Evans made waves in print and on board
By Peter Henner
The Albany Club Championship began play last week, with 12 players.
One preliminary section has expert Gordon Magat; Class A players Bill Little and Tim Wright; as well as Art Alowitz, Bob Kemp, and Tim McCarthy.
The second section has expert Dean Howard; Class A players Peter Henner and Jonathan Lack; and Glen Perry, Jason Denham, and Chuck Eson.
The winners of each section will play a match to determine the championship.
Near miss in Moscow
An American player narrowly missed tying for first place in a strong Moscow tournament.
United States champion Hideo Nakamura, who is 23 and ranked 19th in the world, came very close to tying for first in the super-strong Tal Memorial tournament: a 10-player round robin with an average rating of 2757. (Five of the participants will also be competing in the world championship qualifying matches next year.)
In the last round, after seven hours of play, on the 83rd move, Nakamura missed a forced win against the Russian Alexander Grischuk and had to settle for a draw.
Thirty years ago, tournaments of this strength were relatively rare; now, there may well be five or six tournaments with an average rating of over 2700 in a given year.
Evans mourned
Larry Evans, one of the strongest American players in the 1950s and 60s, and a well-known chess journalist, died on Nov. 15. Evans was born in 1932, and several strong Soviet players thought that he could have been a world champion contender if he had had the kind of support that Russian players were given.
Although he won the United States championship five times, Evans rarely played in international events, and only once competed in the world chess championship qualifying cycle (in 1964).
He was best known as a journalist and chess writer, and wrote a popular column for Chess Life for more than 40 years, which was continued in more limited form until his death.
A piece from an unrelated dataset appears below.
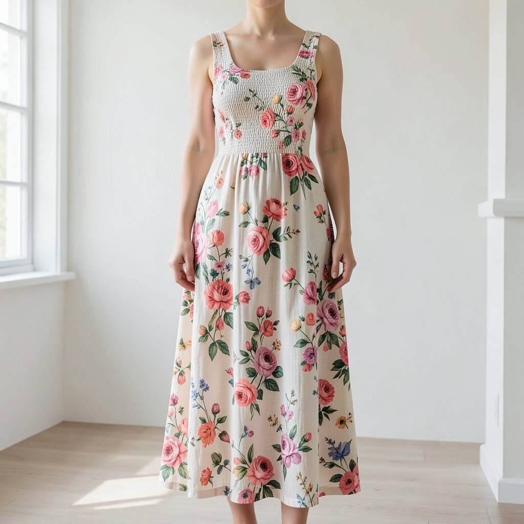 Imagine a garden blossoming on fabric, a floral smocked maxi dress brings nature’s beauty to your wardrobe. Its vibrant patterns and soft hues make it perfect for any sunny day.

He also edited the 10th edition of Modern Chess Openings in 1965, which is still regarded as perhaps the most definitive edition of what is still a classic work, even after 45 years of subsequent chess developments.
Evans was also Bobby Fischer’s second in the world championship matches that led to Fischer’s famous match with Spassky in 1972, and Evans’s Wikipedia page contains a famous picture of Evans and Fischer playing chess on a floating chess board in a swimming pool.
This week’s problem
Samuel Reshevsky was the best United States hope to become world champion between 1940 and 1960. Born in 1911, he was playing simultaneous exhibitions throughout Europe as a child before coming to the United States in 1920.
He was one of five players, and the only American, to play in the 1948 tournament that established the first world champion recognized by FIDE (The Fédération Internationale des Échecs or World Chess Federation).